In between these two spectrums of tumours are a group of solid soft tissue tumours called tenosynovial giant cell tumours, formerly known as giant cell tumours of the tendon sheath. These are benign but locally aggressive tumours that can cause significant pain, swelling, and restricted movement. Lung metastases have been reported in patients with tenosynovial giant cell tumours.

Accurate diagnosis of lumps and bumps in the hand relies on a comprehensive evaluation encompassing patient history, physical examination, and diagnostic imaging studies. During the history-taking process, hand surgeons inquire about the onset, duration, progression, and associated symptoms of the hand abnormality. Additionally, they explore factors such as trauma, occupation, hobbies, and medical history, which may provide valuable clues regarding the underlying cause.

Physical examination of the hand involves assessing the size, shape, consistency, tenderness, and mobility of the lump or bump. Hand surgeons may employ manoeuvres such as palpation, range of motion testing, and provocative manoeuvres to elicit specific signs and symptoms. Moreover, evaluating the hand’s neurovascular status is essential to identify any concurrent nerve or blood vessel involvement.

Diagnostic imaging modalities play a pivotal role in characterizing lumps and bumps in the hand. X-rays facilitate the detection of bony abnormalities such as fractures, dislocations, or calcifications. Ultrasonography offers real-time visualization of soft tissue structures, aiding in the assessment of cystic lesions, masses, or fluid collections. Magnetic resonance imaging (MRI) provides detailed anatomical information and helps differentiate between benign and malignant lesions based on their signal characteristics and enhancement patterns. Contrast is usually necessary during the MRI.

The management of lumps and bumps in the hand varies depending on the underlying cause, severity of symptoms, and functional impairment. Conservative measures, including rest, immobilization, splinting, and application of ice packs, are often employed initially to alleviate pain and inflammation associated with acute injuries or inflammatory conditions. Splinting and occupational therapy are additional tools of treatment.

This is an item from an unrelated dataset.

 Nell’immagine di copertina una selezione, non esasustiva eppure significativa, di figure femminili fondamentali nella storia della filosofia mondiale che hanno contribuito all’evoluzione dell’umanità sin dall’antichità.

In cases where infection is suspected, prompt initiation of antibiotics is imperative to prevent the spread of infection and preserve hand function. Intravenous antibiotics may be needed for serious infections. Surgical drainage may be necessary for abscesses or infected cysts that fail to respond to conservative therapy.

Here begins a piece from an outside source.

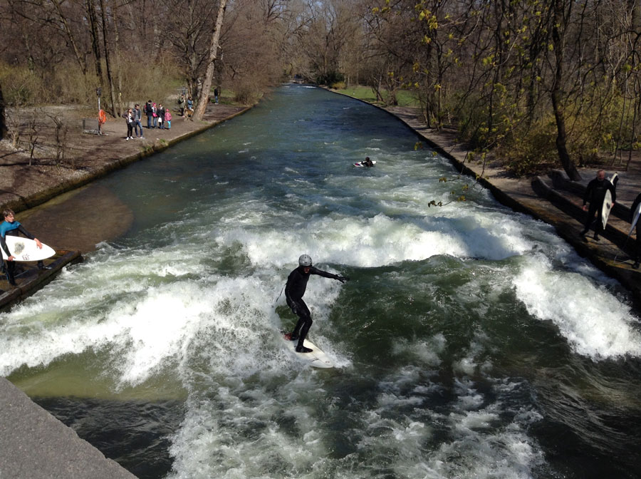 Surfing! On a stretch of the river known as the Eisbach – a tributary of the Isar which runs directly through the English Garden.

Benign tumours such as ganglion cysts or lipomas may be managed conservatively with observation. Minimally invasive techniques offer advantages such as smaller incisions, faster recovery, and reduced postoperative morbidity.

Malignant tumours necessitate a multidisciplinary approach involving surgical resection, radiation therapy, chemotherapy, or targeted therapy, depending on the tumour type, stage, and patient’s overall health status. Early detection and intervention are crucial for optimizing outcomes and minimizing the risk of metastasis or functional impairment. The risk of amputation is significant.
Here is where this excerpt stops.